Thursday, 3 April 2014: 2:00 PM
Regency Ballroom (Town and Country Resort )
Tropical Cyclone (TC) forecasting is a multi-scale problem. In order to predict TC structure, size and intensity changes with fidelity, the inner core structure of these storms should be resolved at 1-3 km horizontal grid spacing. In addition, TC systems are also moving entities that can travel up to thousands of kilometers within a forecast window. During the course of movement, TC systems can interact with terrains, fronts that create shear, the ocean, and even other neighboring TC systems within a certain range. Such multi-scale interactions could further amplify the forecast uncertainty of TC track, intensity, and structure if not properly represented in the modeling system. With the support of NOAA's Hurricane Forecast Improvement Project (HFIP), we have developed a basin-wide HWRF modeling system with multiple movable nests based on the NCEP's operational HWRF modeling system.

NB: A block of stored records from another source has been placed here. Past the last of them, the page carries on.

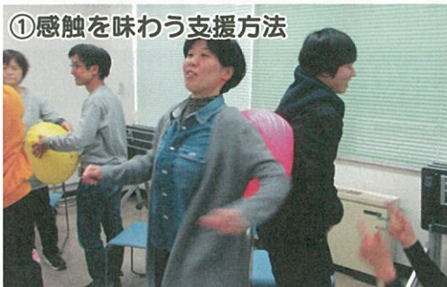
《二人で一緒に押し合いも》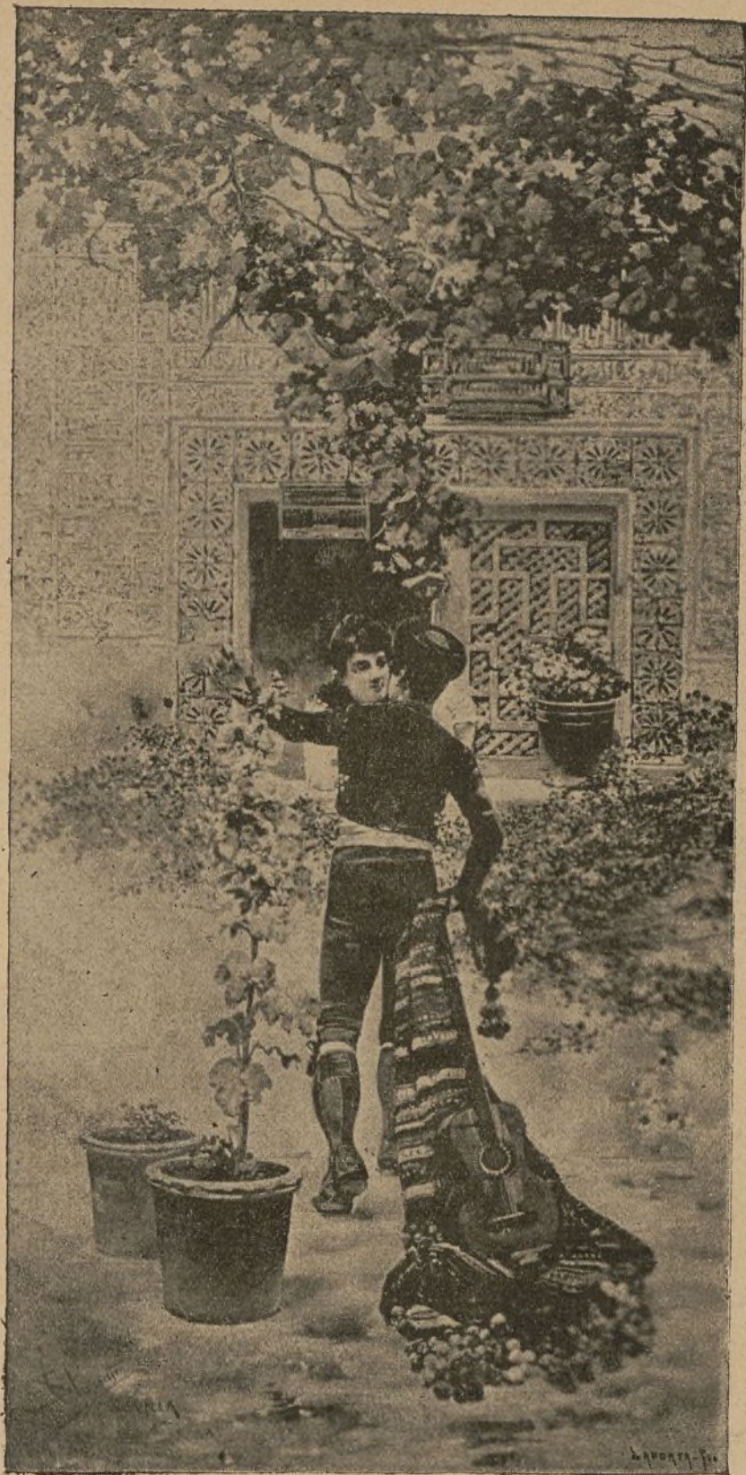
(Ilustración de D. Salvador Clemente.)

De una guitarra el tañido llega al arabesco nido donde se oculta la hermosa, y de una copla amorosa óyese el tono sentido.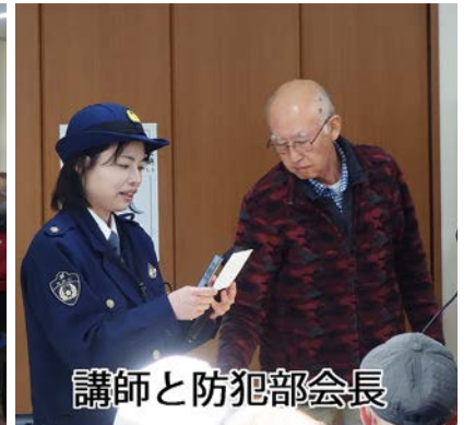
講師と防犯部会長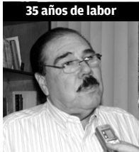
35 años de labor

“Para mí representa el estar con una familia que se ha formado con los mismos objetivos, el hacer amistades, el recibir muestras de afecto de los alumnos que se van y de pronto te mandan una carta o un correo electrónico diciéndote: gracias maestro”.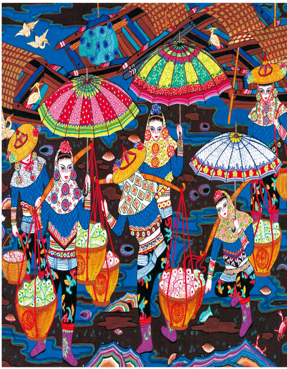
中国网络电视台制 福建龙海 连文祥作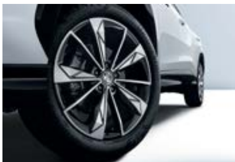
Jante aliaj 19"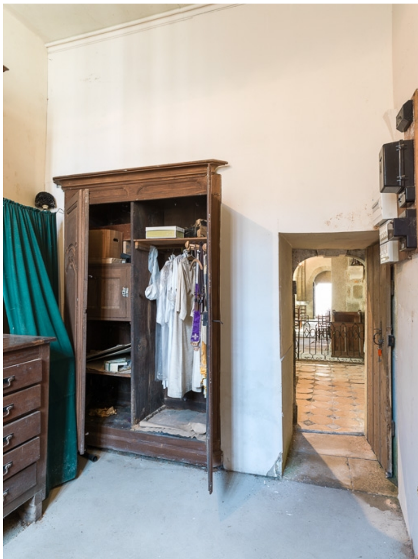
Vue de la sacristie avec porte ouverte sur le coeur.

71, Dezize-lès-Maranges place Etienne-Saveron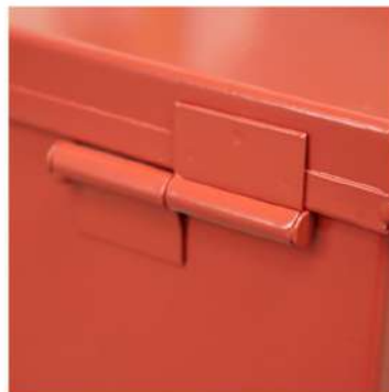
○ Bisagra trasera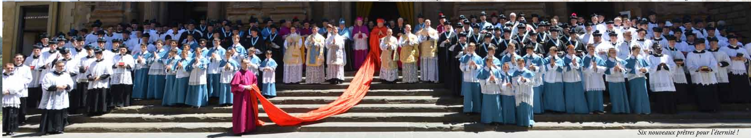
Six nouveaux prêtres pour l'éternité !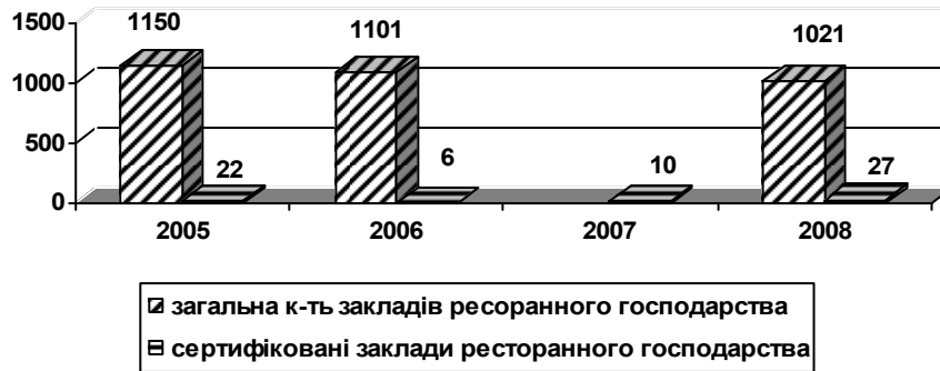
Рис. 2. Результати сертифікації послуг харчування у Волинській області.

До вагомих стримуючих факторів щодо отримання сертифікату відповідності є застаріла матеріальна база закладів ресторанного господарства, яка не відповідає сучасним вимогам стандартів та попиту споживачів для задоволення їх потреб, відсутність впливу з боку органів влади і звісно саме бажання власників закладів ресторанного господарства, так як примусити провести сертифікацію орган сам невзможі.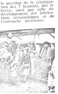
Mardi dernier, les femmes et enfants des licenciés (à l'un vit entourés de travailleurs et responsables syndicaux de la SNIAS) ont pénétré dans l'usine afin de remettre une lettre destinée au directeur.

Il était prévu qu'il participe dans un atelier de l'usine à une importante assemblée des syndiqués et sympathisants CGT. Au cours de cette réunion, il devait aborder la question de la réintégration des 7 licenciés, des bérés, ainsi que celle du développement des fabrications aéronautiques et de l'embauche nécessaire.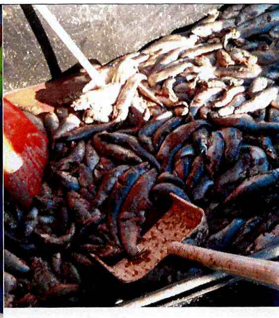
Imagen N°7: detalle de la mortalidad donde se evidencia el grado de descomposición de los peces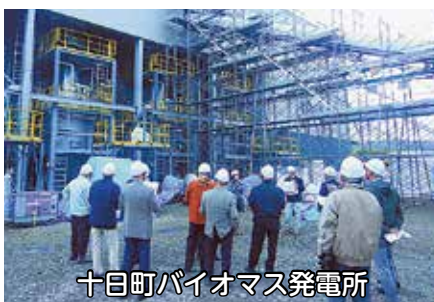
十日町バイオマス発電所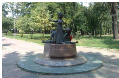
Памятник расстрелянным детям в Бабьем Яру, Киев, Украина Белоруссия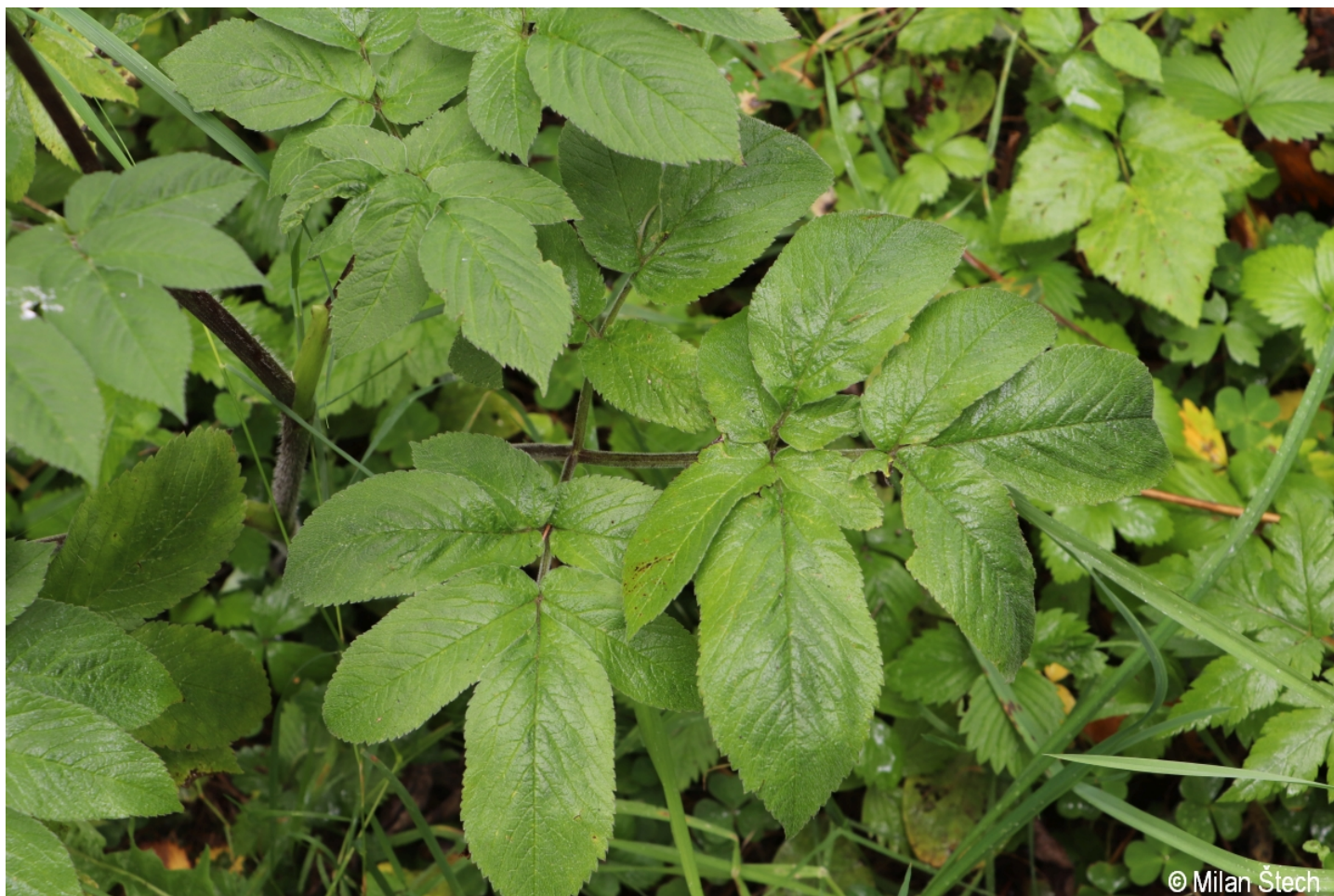
Chaerophyllum aromaticum – Milan Štech – Bližná.

The modeling system has the potentials to better represent TC multi-scale interactions: i.e., large-scale environment, across scale initialization, storm-storm interactions, land-ocean contrast effect, etc. To demonstrate the effectiveness of the system, we first verified the forecast track and intensity errors by this system in the Atlantic and East Pacific basins on 2012 retrospective forecasts and 2013 real-time forecasts. The results show both intensities and tracks are either superior or comparable to those from current operational HWRF in most of forecast leading times. Then we further illustrate sensitivities of terrain interaction and initialization at different scales represented by this system. The multi-scale interactions particularly of the storm-storm interactions are also examined in this study.